Bei den Instrumenten nach Artikel 34 Absatz 4 Solvency-II-Rahmenrichtlinie handelt es sich um quantitative Instrumente (zusätzlich zur Berechnung der Solvenzkapitalanforderung) im Rahmen des aufsichtlichen Überprüfungsverfahrens zur Bewertung der Risikotragfähigkeit. Hierbei handelt es sich insbesondere um das Instrument der Prognoserechnungen, das in § 44 VAG in nationales Recht umgesetzt ist.

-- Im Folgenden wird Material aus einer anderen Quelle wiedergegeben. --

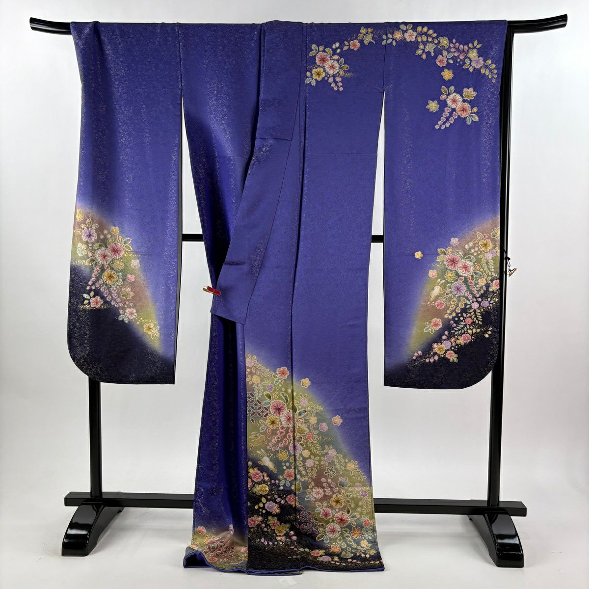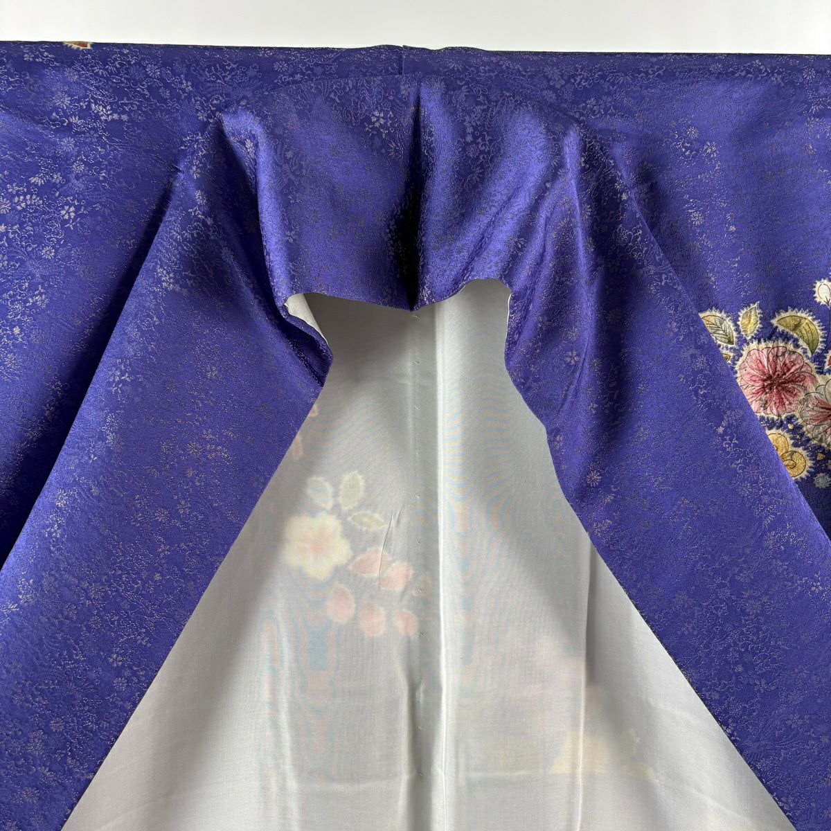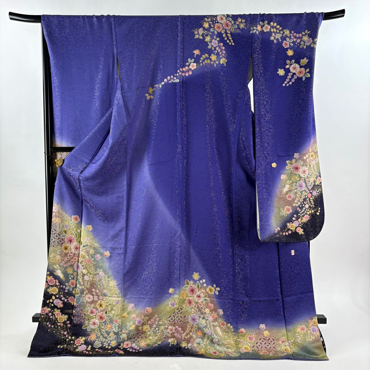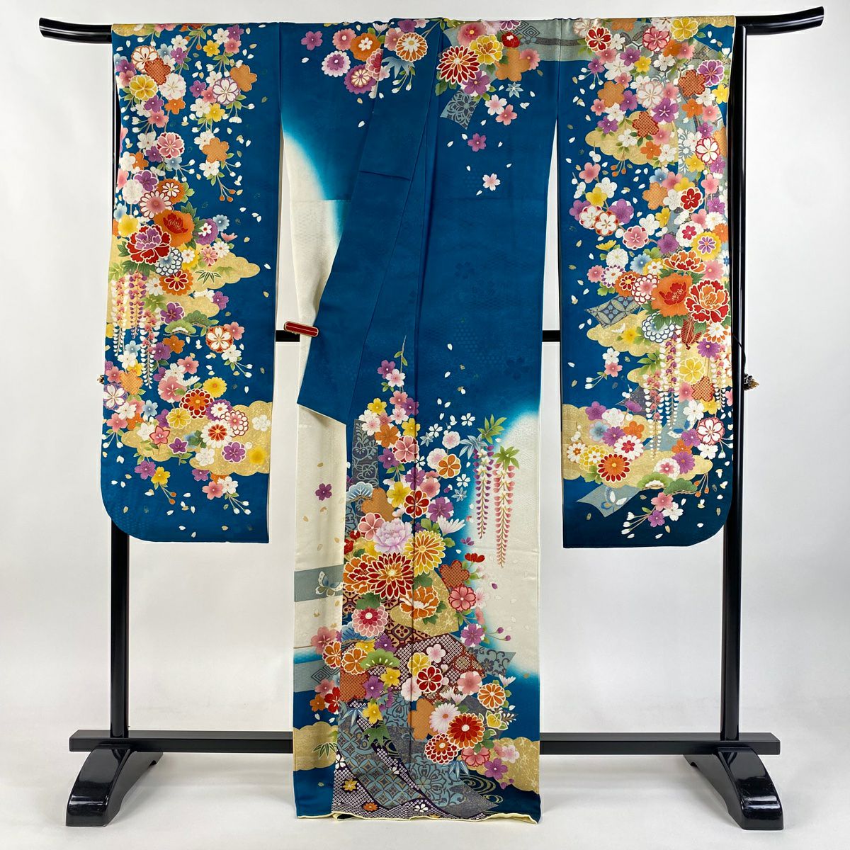 【在庫一掃】 【美品】 振袖 身丈160cm 裄丈68cm L 袷 牡丹 松 金通し 刺繍 濃紺 正絹 逸品
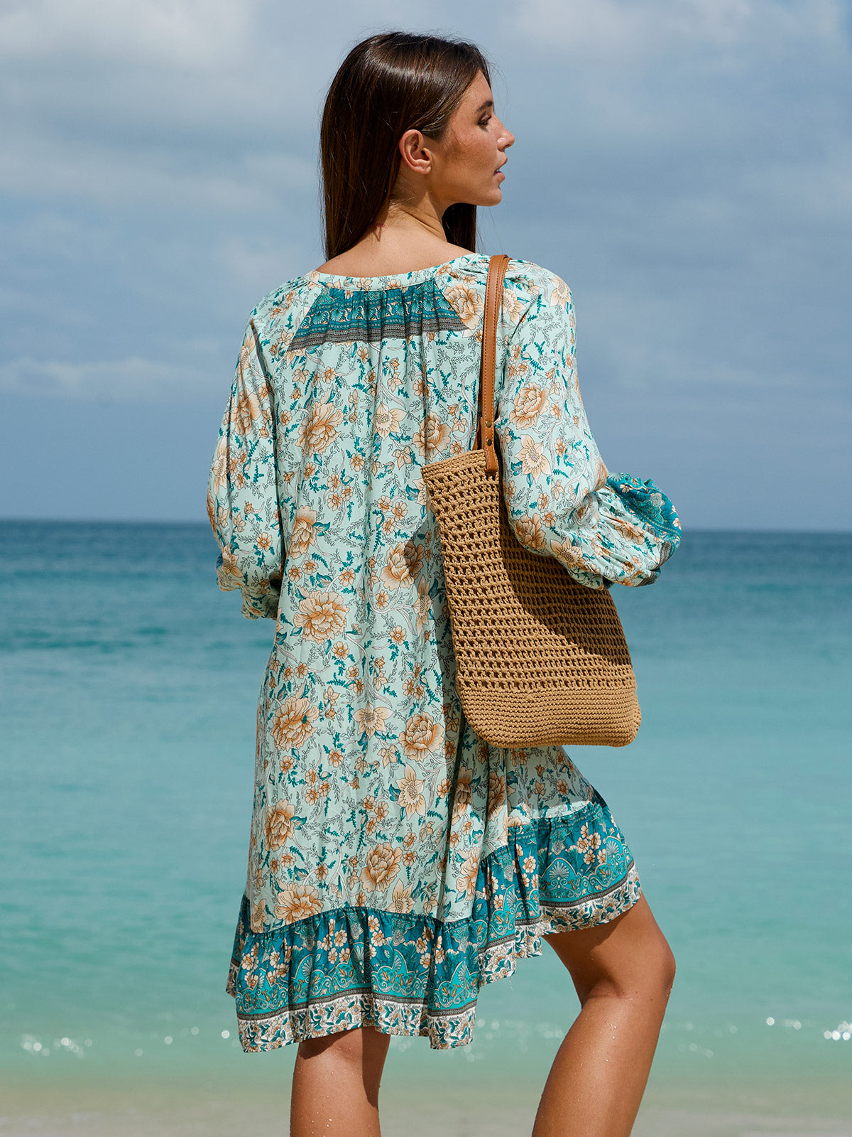 Floral Print Raglan Sleeve Beach Dress
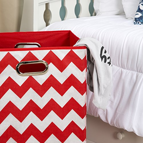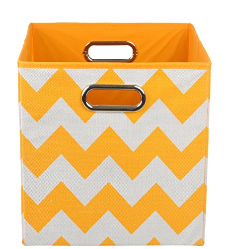 -. Feature : Sturdy cardboard insert with canvas cover / Bold black and white chevron motif / Built-in handles for easy carrying / Folds flat for storage when not in use / Dimensions: 10.5L x 10.5W x 10.5H in.
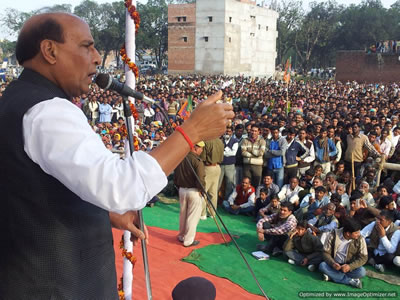 r-optimized2अमृतपुर(फरूर्खाबाद)छिबरामऊ(कन्नौज) लखनऊ 13 फरवरी 2012, भारतीय जनता पार्टी के पूर्व राष्ट्रीय अध्यक्ष राजनाथ सिंह ने कहा कि केन्द्र सरकार की गलत आर्थिक नीतियों के कारण देश मे महंगाई एवं भ्रष्टाचार चरम पर है। कांग्रेस ने सबसे अधिक समय शासन किया है और उसके कई मंत्री भ्रष्टाचार में फंसे, जबकि भाजपानीत सरकार के छह वर्षों के शासन में उसका एक भी मंत्री, सांसद या विधायक भ्रष्टाचार में लिप्त नहीं पाया गया। सपा और बसपा के नेता जेल जाने के डर से केन्द्र में कांग्रेस के नेतृत्व वाली सरकार को समर्थन दे रहे हैं। आज प्रदेश की बदहाली, गरीबी और पिछड़ेपन के लिए पूववर्ती कांगे्रस-सपा-बसपा को जिम्मेदार ठहराया। उन्होंने कहा कि उत्तर प्रदेश में फैले भ्रष्टाचार के लिए कांग्रेस, समाजवादी पार्टी एवं बहुजन समाज पार्टी की नीतियां जिम्मेदार हैं। राज्य की बसपा सरकार हर मोर्चे पर विफल रही है और प्रदेश में बढ़ते अपराध तथा भ्रष्टाचार के कारण आम जनता परेशान हैं।
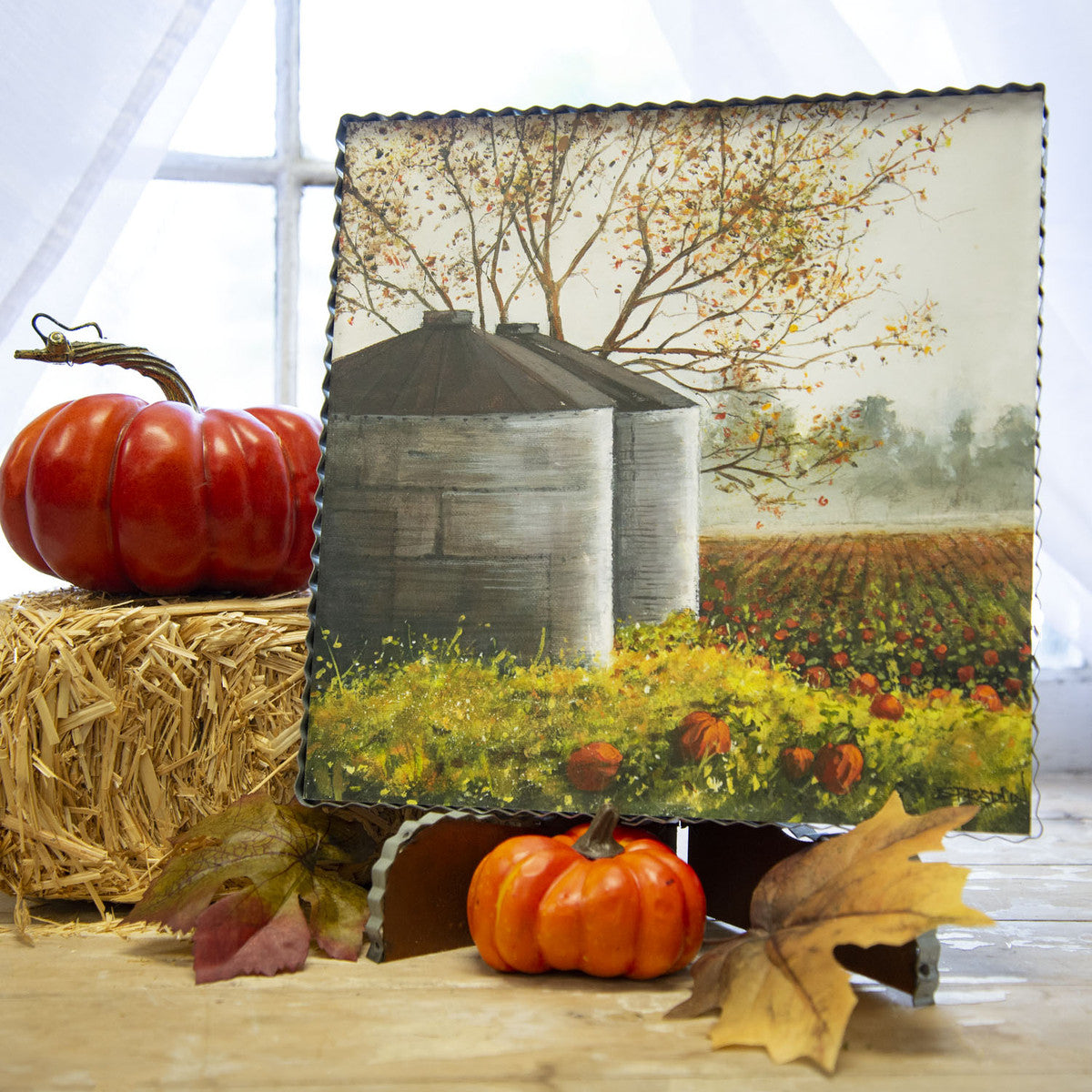 Silos stand tall and the air is cool and crisp. It’s early morning on the farm, as Roxanne captures the fog gently covering a field of pumpkins
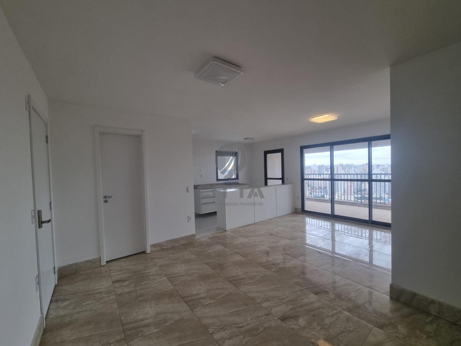 Sala ampla com sacada gourmet.
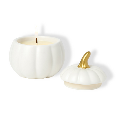 WHITE PUMPKIN CERAMIC CANDLE - LIMITED QUANTITY
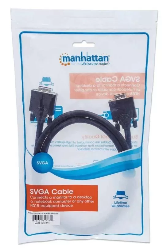 311731 Cable SVGA HD15 macho a HD15 macho, de 1.8m Color Negro, Completamente blindado para reducir la interferencia EMI.
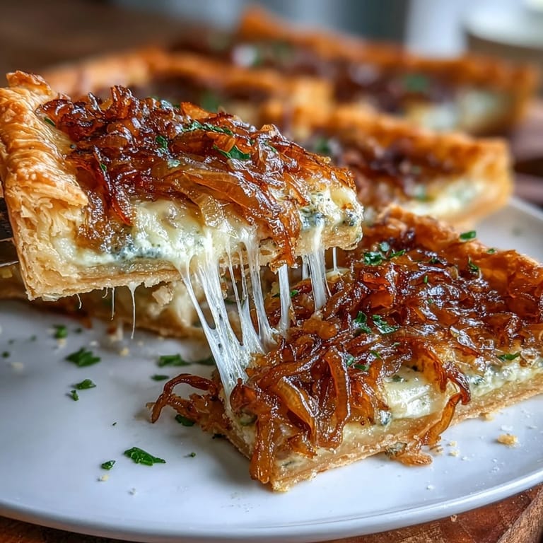 Save There's something almost meditative about watching onions transform in a hot pan—the way they start out sharp and crunchy, then slowly surrender to heat until they're jammy and sweet. I discovered this tart on a gray Sunday afternoon when I had a fridge full of onions and the vague sense that something elegant should happen with them. The buttery puff pastry, those pools of creamy custard, and the nutty Gruyere all coming together felt like I'd accidentally uncovered a secret that French cooks have been protecting for centuries.
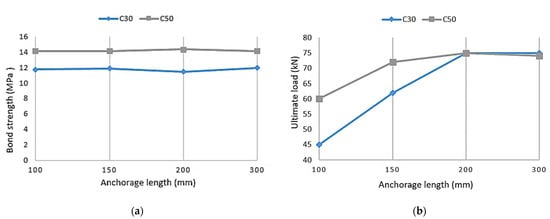The anchorage length is defined as the reinforcing steel rebar length embedded in concrete. The anchorage length is almost equal to the length of the rebar and has different values depending on the study. There is a direct relationship between the anchorage length and the pull-out resistance at the SCI. In Figure 12a, the bond strength did not vary with the increase in anchorage length from 100 to 300 mm; therefore, no effect on the bond strength has been recorded. Figure 12b shows that for anchorage lengths varying from 100 to 200 mm, the ultimate load increased until it reached a maximum of 75 kN. The increase in ultimate load was recorded by 64.2% for 200 mm of anchorage length compared to specimens with 100 mm of anchorage length. Beyond that, the ultimate load remained constant with the increase in anchorage length. For shorter anchorage lengths, the ultimate load increased with the increase in anchorage length, and the failure mode shifted from pull-out failure into tensile failure of the specimen [].
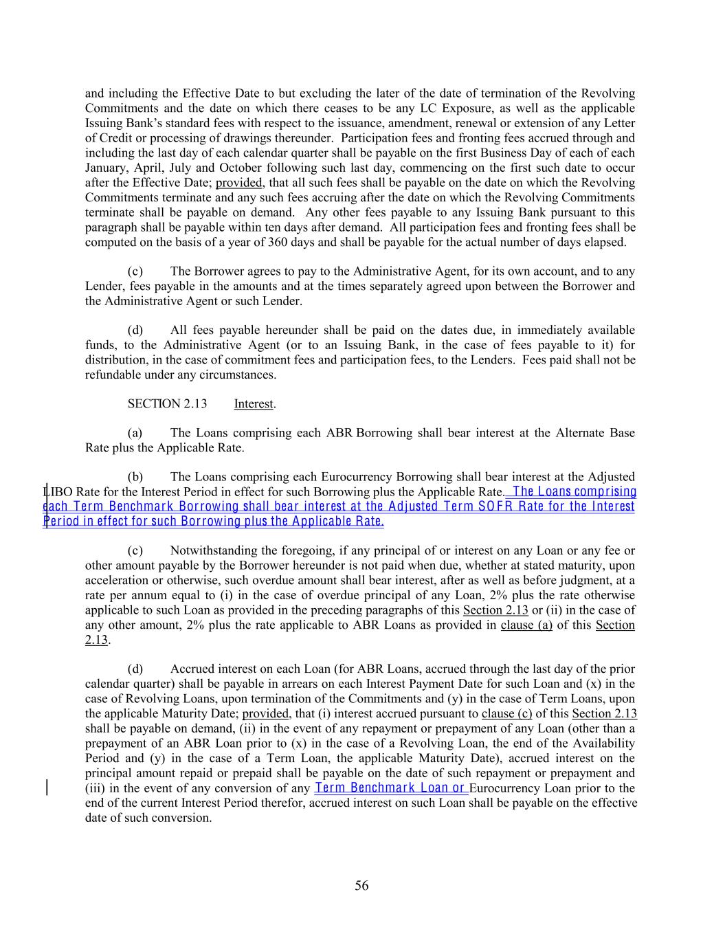 and including the Effective Date to but excluding the later of the date of termination of the Revolving Commitments and the date on which there ceases to be any LC Exposure, as well as the applicable Issuing Bank’s standard fees with respect to the issuance, amendment, renewal or extension of any Letter of Credit or processing of drawings thereunder. Participation fees and fronting fees accrued through and including the last day of each calendar quarter shall be payable on the first Business Day of each of each January, April, July and October following such last day, commencing on the first such date to occur after the Effective Date; provided, that all such fees shall be payable on the date on which the Revolving Commitments terminate and any such fees accruing after the date on which the Revolving Commitments terminate shall be payable on demand. Any other fees payable to any Issuing Bank pursuant to this paragraph shall be payable within ten days after demand. All participation fees and fronting fees shall be computed on the basis of a year of 360 days and shall be payable for the actual number of days elapsed. (c) The Borrower agrees to pay to the Administrative Agent, for its own account, and to any Lender, fees payable in the amounts and at the times separately agreed upon between the Borrower and the Administrative Agent or such Lender. (d) All fees payable hereunder shall be paid on the dates due, in immediately available funds, to the Administrative Agent (or to an Issuing Bank, in the case of fees payable to it) for distribution, in the case of commitment fees and participation fees, to the Lenders. Fees paid shall not be refundable under any circumstances. SECTION 2.13 Interest. (a) The Loans comprising each ABR Borrowing shall bear interest at the Alternate Base Rate plus the Applicable Rate. (b) The Loans comprising each Eurocurrency Borrowing shall bear interest at the Adjusted LIBO Rate for the Interest Period in effect for such Borrowing plus the Applicable Rate. The Loans comprising each Term Benchmark Bor rowing shall bear interest at the Adjusted Term SO F R Rate for the Interest Per iod in effect for such Bor rowing plus the Applicable Rate. (c) Notwithstanding the foregoing, if any principal of or interest on any Loan or any fee or other amount payable by the Borrower hereunder is not paid when due, whether at stated maturity, upon acceleration or otherwise, such overdue amount shall bear interest, after as well as before judgment, at a rate per annum equal to (i) in the case of overdue principal of any Loan, 2% plus the rate otherwise applicable to such Loan as provided in the preceding paragraphs of this Section 2.13 or (ii) in the case of any other amount, 2% plus the rate applicable to ABR Loans as provided in clause (a) of this Section 2.13. (d) Accrued interest on each Loan (for ABR Loans, accrued through the last day of the prior calendar quarter) shall be payable in arrears on each Interest Payment Date for such Loan and (x) in the case of Revolving Loans, upon termination of the Commitments and (y) in the case of Term Loans, upon the applicable Maturity Date; provided, that (i) interest accrued pursuant to clause (c) of this Section 2.13 shall be payable on demand, (ii) in the event of any repayment or prepayment of any Loan (other than a prepayment of an ABR Loan prior to (x) in the case of a Revolving Loan, the end of the Availability Period and (y) in the case of a Term Loan, the applicable Maturity Date), accrued interest on the principal amount repaid or prepaid shall be payable on the date of such repayment or prepayment and (iii) in the event of any conversion of any Term Benchmark Loan or Eurocurrency Loan prior to the end of the current Interest Period therefor, accrued interest on such Loan shall be payable on the effective date of such conversion. 56
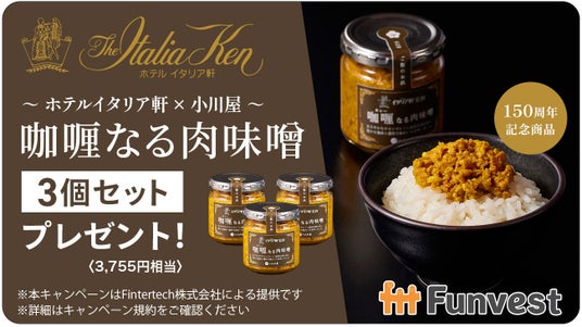 【A賞】300万円以上の出資でもれなく【B賞】抽選で10名様に「ホテルイタリア軒×小川屋 咖喱なる肉味噌3個セット(3,755円相当)」をプレゼント!
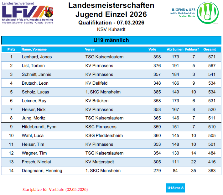Die Veranstaltung begann um 9:00 Uhr und endete gegen 17:50 Uhr. Insgesamt präsentierte sich der KV Dellfeld als hervorragender Gastgeber und trug maßgeblich zu einem gelungenen Spieltag der Landesjugendrunde in Rheinland-Pfalz bei.
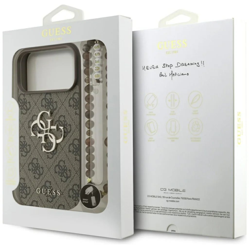 Válassza a Guess 4G klasszikus logós barna tokját, és öltöztesse iPhone 17 Pro Max készülékét elegáns védelembe, amely tökéletesen tükrözi az Ön egyedi stílusát és a Guess márka luxusát. "Never Stop Dreaming!"
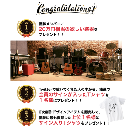 各メンバーは今後のライブ、楽曲作成に使用できる楽器を購入すると公言しており、投票を行なったファンにも嬉しいプレゼントになります。
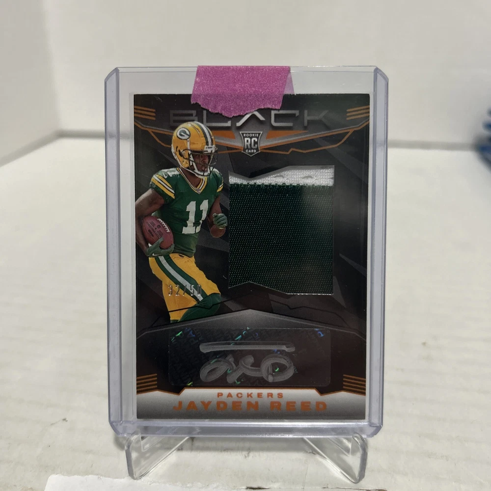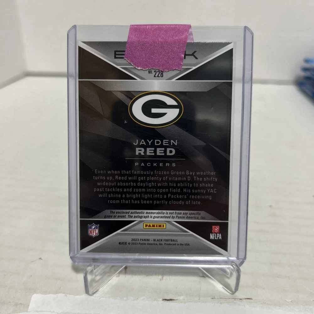 Elevate your collection with the Jayden Reed 2023 Panini Black SP Citrine Rookie Patch Auto /50 RC RPA #228, an exceptional piece of sports memorabilia. This limited edition card features a stunning two-color patch, silver ink autograph, and is serial numbered, making it one of only 50 in existence. As a collector's edition and first edition item, it boasts the prestige of being a chase card and a short print from the 2023 Panini Black Football set. Representing the Green Bay Packers and Michigan State Spartans, this card is a testament to Jayden Reed's athletic prowess and potential. Authenticated by Panini Authentic and presented in ungraded condition, this card is a must-have for fans of the National Football League and collectors of exclusive sports trading cards.
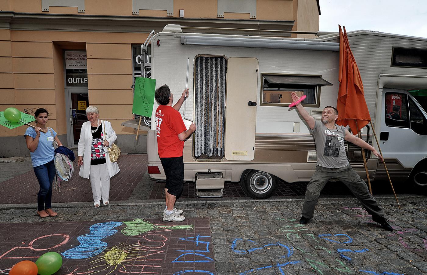 31 sierpnia 2011 Galerie Czas miejskich partyzantów - galeria 31 sierpnia 2011 Mieszkańcy przejmują ulice - wspólna akcja poznańskich partyzantów i ich towarzyszy z innych miast. Filip Springer / Polityka Mówią, że miasta należą do nich. Walcząc z małymi sprawami, powodują coraz większe zamieszanie. Często pojawiają się znikąd, robią swoje i rozpływają się w miejskiej dżungli. Filip Springer/Polityka W Katowicach prężnie działa obywatelska inicjatywa Napraw Sobie Miasto. Filip Springer/Polityka Działacze inicjatywy Napraw Sobie Miasto. Filip Springer/Polityka Katowiccy partyzanci protestowali m. in. przeciw wyburzeniu Dworca Głównego. Niestety, tę bitwę przegrali. Filip Springer/Polityka Grupa Napraw Sobie Miasto zorganizowała również akcję symbolicznej sprzedaży betonowych kielichów podtrzymujących konstrukcję dworca. Na akcję pozytywnie odpowiedziało kilka największych pracowni architektonicznych. Filip Springer/Polityka Dominik Tokarski. Razem z przyjaciółmi zasadził bluszcz, który pnie się po katowickich ekranach dźwiękoszczelnych. Filip Springer/Polityka W czasie odbywającego się w czerwcu Poznaniu I Kongresu Ruchów Miejskich przedstawiciele kilkudziesięciu organizacji w symboliczny sposób przejęli na kilka godzin ul. Wrocławską. Filip Springer/Polityka Przejęcie ulic miało zwrócić uwagę na potrzebę organizowania przyjaznych mieszkańcom przestrzeni w największych metropoliach. Filip Springer/Polityka Łódzka Grupa Pewnych Osób - pierwsza w Polsce miejska partyzantka - od 2006 r. zorganizowała kilkadziesiąt akcji. Filip Springer/Polityka Marcin Rutkiewicz i jego koledzy ze Stowarzyszenia MojeMiastoAwNim.pL przez cztery lata czyścili Warszawę z warstw plakatów i lobbowali urzędników. Filip Springer/Polityka Justyna Koeke, razem z siostrą Cecylią Malik i resztą kolektywu Modraszek, rozpętała prawdziwe powstanie w obronie zielonego Zakrzówka. Filip Springer/Polityka Do akcji przebierania się za motyle włączyło się wiele osób, które nie zgadzały się na niszczenie Zakrzówka.

Prognoserechnungen sind von den beaufsichtigten Unternehmen durchzuführende Berechnungen, die u. a. das erwartete Geschäftsergebnis zukünftiger Geschäftsjahre und auch die Risikotragfähigkeit in Stresssituationen umfasst.

Darüber hinaus werden im Rahmen des aufsichtlichen Überprüfungsverfahrens situativ auch Erkenntnisse aus weiteren Erhebungen zur Risikotragfähigkeit (etwa makroprudenzielle Analysen zum Zwecke der Finanzstabilität) genutzt, falls dieses für die mikroprudenzielle Erkenntnisgewinnung sachgerecht und rechtlich möglich ist und – bei Konzernzugehörigkeit – nicht schon durch den Konzern als Vorgabe erfolgt.